BLOG UPDATE (09-JUN-2015): The link to the downloadable SLB tar archive has been updated below.
BLOG UPDATE (23-NOV-2010): Please note, I have updated the SLB tarball to address some irregularities found by readers during their testing. I need to update this post further as the numbers in the boxes below are begat of the previous SLB and are therefore no longer relevant.
A few years ago I was working a series on AMD Opteron, Hypertransport, NUMA and what that meant to Oracle. Along the way I put out the Silly Little Benchmark (SLB) as discussed in my post entitled Oracle on Opteron with Linux-The NUMA Angle (Part III). Introducing The Silly Little Benchmark. I’ve had a lot of requests recently for updated copies of SLB. If you are looking for SLB, please download it at the following link:
SLB (Silly Little Benchmark) Tar Archive 09 June 2015
New SLB Kit
I’d like to point out a couple of things about the new SLB tar archive.
- The code has changed so results from this kit are not comparable to prior kits.
- The kit now performs 30 seconds of random memory reads followed by 30 seconds of random memory writes.
- The kit includes a wrapper script called runit.sh that runs SLB processes each with 512MB physical memory. The argument to runit.sh is a loop control of how many SLB processes to run upon each invocation of the benchmark.
- The kit includes a README that shows how to compile the kit and also offers further explanation of item #3 in this list.
Previous SLB Blog Posts
The following are a few pointers to prior content that dealt with SLB in one way or the other.
- “Feel” Your Processor Cache. Oracle Does. Part I.

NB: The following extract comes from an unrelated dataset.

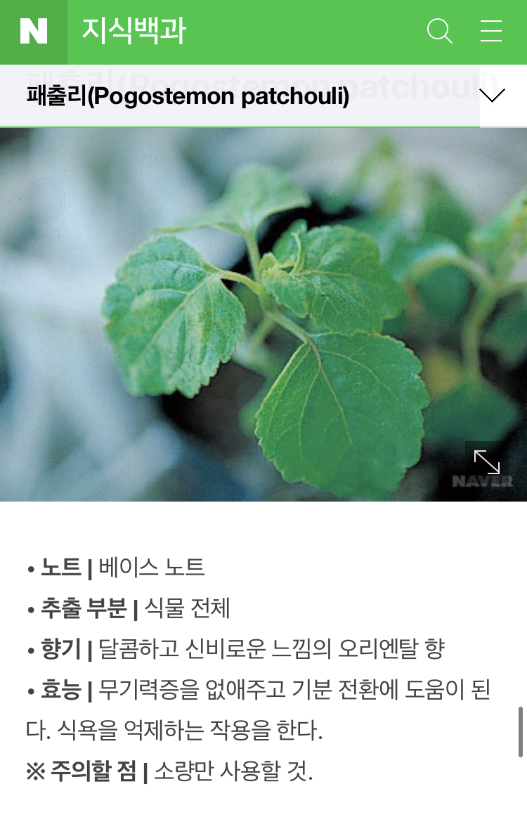 포장상자의 설명을 보니, 구성을 알 수 있었는데 복잡하다. 일단, 메인 3가지 향이 베르가못, 샌달우드, 패출리라고 한다. 패출리는 좀 생소하지만 초록창에 모두 검색을 해봤다.

- Linux Bogomips, Or Is That Bogusmips. Part – I
- Oracle on Opteron with Linux-The NUMA Angle (Part VI). Introducing Cyclops.
- Kevin Closson’s Silly Little Benchmark is Silly Fast on Nehalem (Greg Rahn)
Some Recent SLB Results
The following are a few updated SLB results using the new kit.
The first recent result is from a 2s Westmere EP (Xeon 5600) system. I passed “6” into runit.sh to see what one socket’s worth of performance looks like.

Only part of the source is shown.